The Finance Bill is one of the landmarks of the year for business and the economy, setting out how the Government plans to introduce the measures announced on Budget day and bringing forward new elements of tax legislation.
This year a large and complex Bill has as one of its main themes the closing off of tax loopholes and reliefs, some of which would have cost the Exchequer tens of millions of euro.
The Minister appears to be taking a determined approach this year and this is welcome. A recent study from the Revenue Commissioners showed that many of the highest earners in the State used mainly property-based reliefs to lower their income tax bills sharply. In many cases, incentives and reliefs were used in ways that were never foreseen and which served no wider economic purpose.
Many of the property-based tax schemes are being phased out by the end of next year. This is welcome, if overdue. In some cases these schemes did achieve economic goals. For example, the IFSC may never have developed without the tax breaks offered in its early years. However in many cases the schemes encouraged haphazard, tax-based development.
A more serious problem was the abuse of many of the reliefs through ingenious schemes devised by tax experts. Many of these schemes are now being closed off. There is no doubt that more remain, calling for vigilance from the tax authorities. The prevalence of such arrangements, meanwhile, argues strongly against the introduction of fresh tax reliefs in the years ahead. In any case, with income, capital and corporation tax rates now at low levels, the general case for special tax breaks is weakened.
Unfortunately, the Minister is unlikely to quickly raise substantial sums of money from closing tax loopholes. Doing so safeguards the tax base for the future, but such is the state of the Exchequer finances that average taxpayers will also pay more this year. Taxpayers will suffer from the non-indexation of most tax credits and the standard rate tax band, from higher excise duties and VAT, and from higher charges for a range of state services. If the state finances had been kept on a tighter rein in the good times - and particularly if spending had been better controlled - then the adjustment now would be less painful.
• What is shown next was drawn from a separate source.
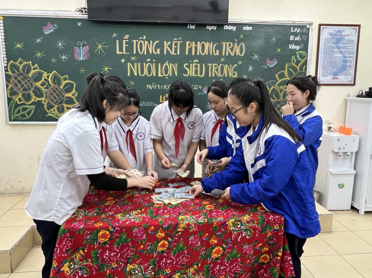 Trường THCS đã tổng hợp số tiền nuôi lợn và gửi đóng một phần về Hội Chữ thập đỏ Quận theo yêu cầu của công văn. Phần còn lại nhà trường sẽ thực hiện tặng quà cho học sinh có hoàn cảnh khó khăn của nhà trường.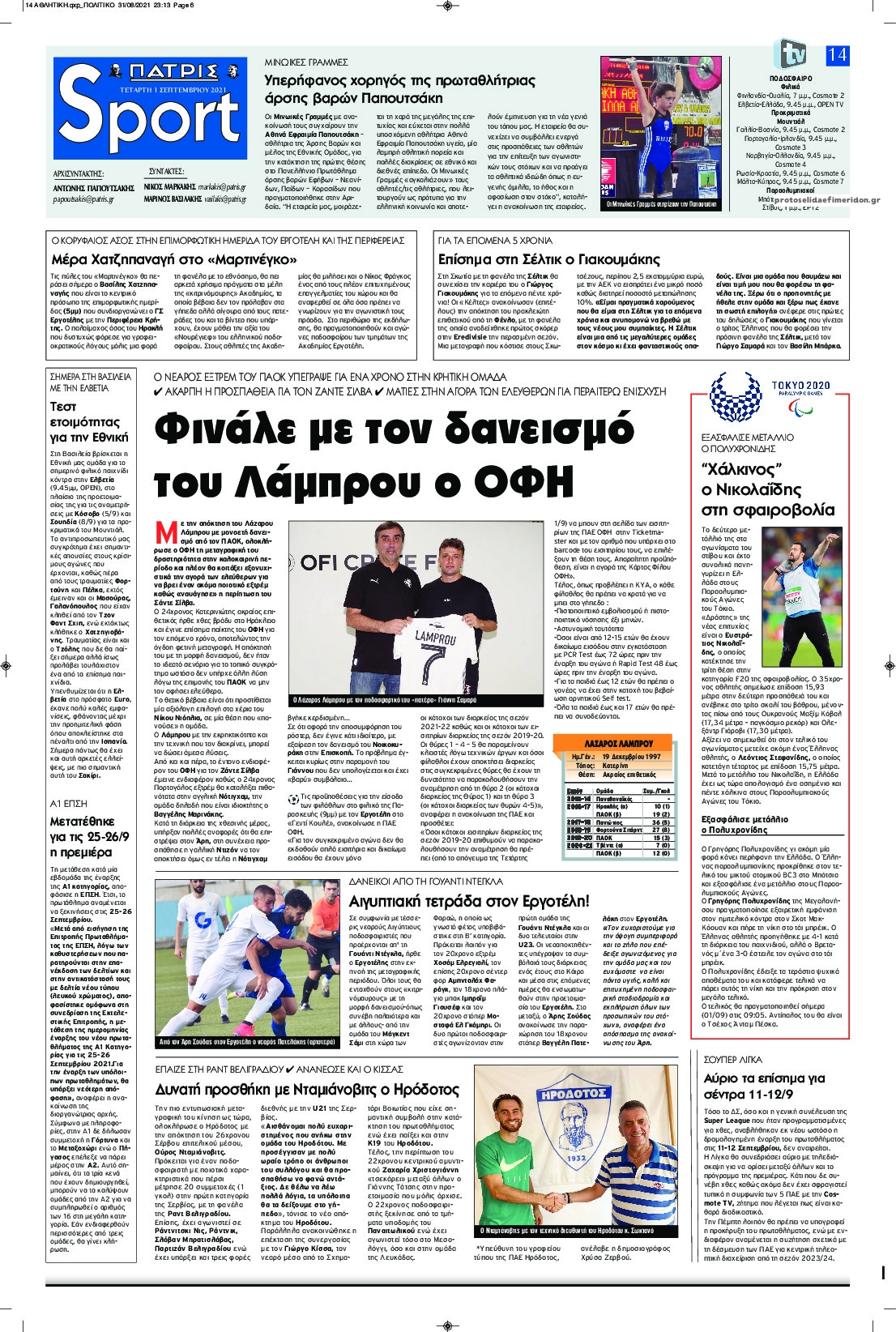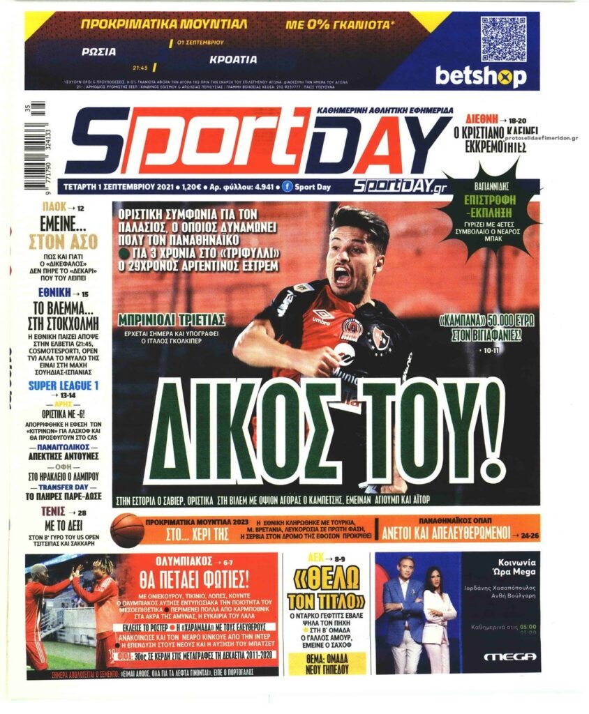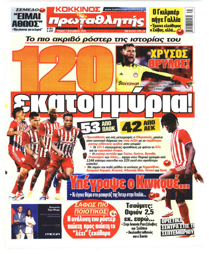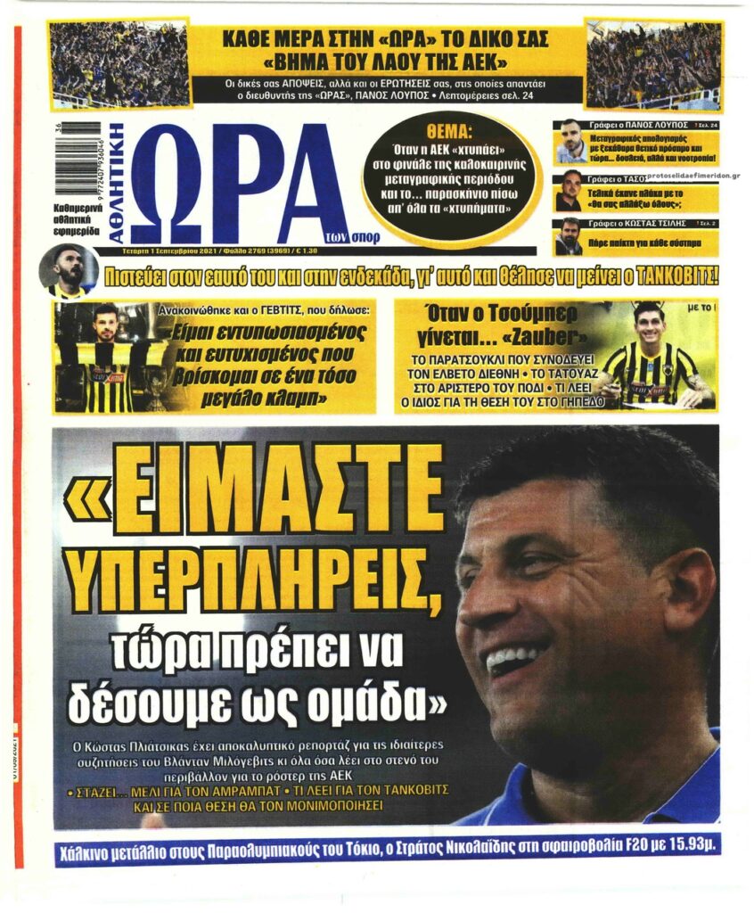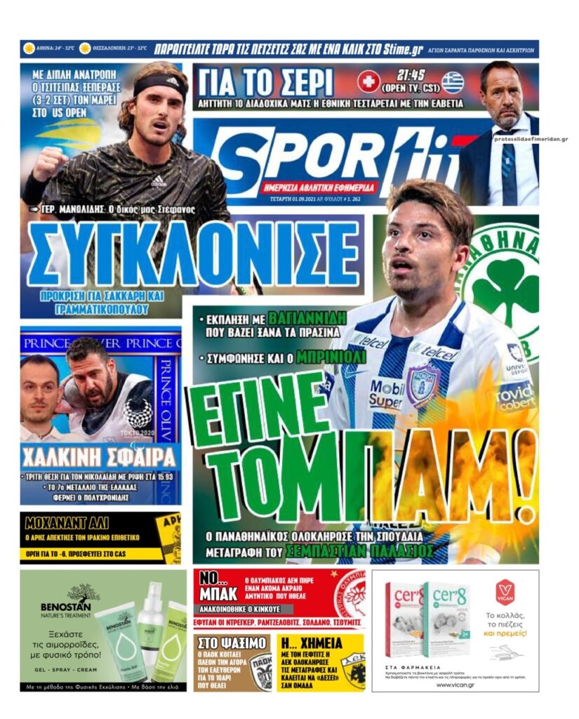 MEDIA Tα πρωτοσέλιδα των αθλητικών εφημερίδων, σήμερα Τετάρτη 1η Σεπτεμβρίου FacebookTwitterPinterestWhatsApp Tα πρωτοσέλιδα των αθλητικών εφημερίδων, σήμερα Τετάρτη 1η Σεπτεμβρίου

As things now stand, the move to widen the tax base is the correct way to boost tax revenue. Tax reliefs and allowances still cost billions of euro per annum and many are of questionable benefit. The Minister might have been better, for example, to abolish the stallion and greyhound reliefs, rather than seeking returns from these industries to judge the extent of revenue foregone. After all, few industries could object to a corporate tax charge of 12.5 per cent. A rigorous examination of the remaining allowances in the tax system is now called for in the year ahead, with a view to further cutting back the "special cases" which have bedevilled the system for years.